Specifically the work will:
1. Enable more effective management of insecticide resistance. Understanding which are the critical proteins mediating the effects of current and future insecticides will inform resistance management practices and allow more effective monitoring for resistance in pest populations. Syngenta has active resistance monitoring programmes and will integrate this knowledge as it becomes available. Syngenta is an active member of Crop Life's Insecticide Resistance Action Committee, a body through which most insecticide companies cooperate to manage resistance.
2. Facilitate the design of novel insecticides. Syngenta already uses homology based modelling as an aid to design of novel chemical leads. This approach will benefit as the protein composition of key targets is established and will be extended to the prediction of species selectivity. Our research will also inform efforts to obtain meaningful crystal structures of ligand binding domains.
3. Enable discovery tool development. Syngenta uses biochemical tools to discover novel chemical leads. We expect the output of this work to facilitate successful heterologous expression of functional insect nACh receptors, allowing early understanding of potential selectivity.

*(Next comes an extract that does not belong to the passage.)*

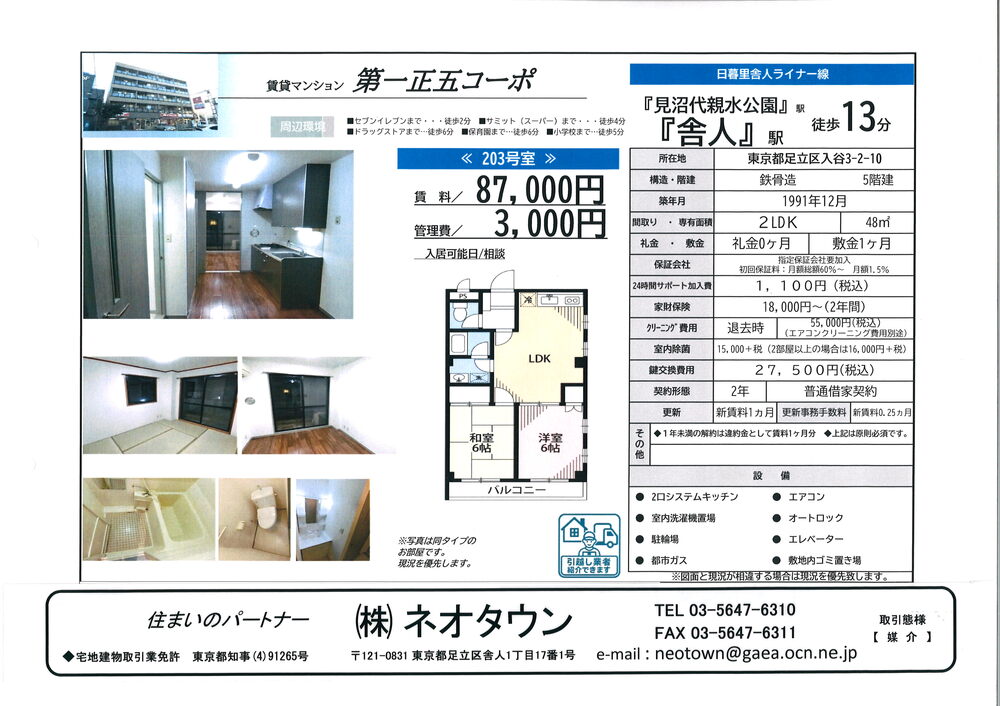 87,000円 利用駅:舎人駅 徒歩13分

The development of null mutants for all Drosophila nAChR subunit genes as well as endogenously tagged copies of the subunits in a uniform genetic background will impact on our basic understanding of receptor biology. The provision of Drosophila lines through stock centres will facilitate research into receptor pharmacology, the underlying biology of insecticide specificity and basic neurobiology.

The methods we develop for the analysis of nAChR complexes and associated proteins will impact on fundamental aspects of membrane protein proteomics as well as providing rich datasets for datamining.

We will deliver these impacts through the scientific collaboration with Syngenta, through the outreach and communication deliverables described in the pathways to impact as well as traditional routes of publication in peer reviewed journals.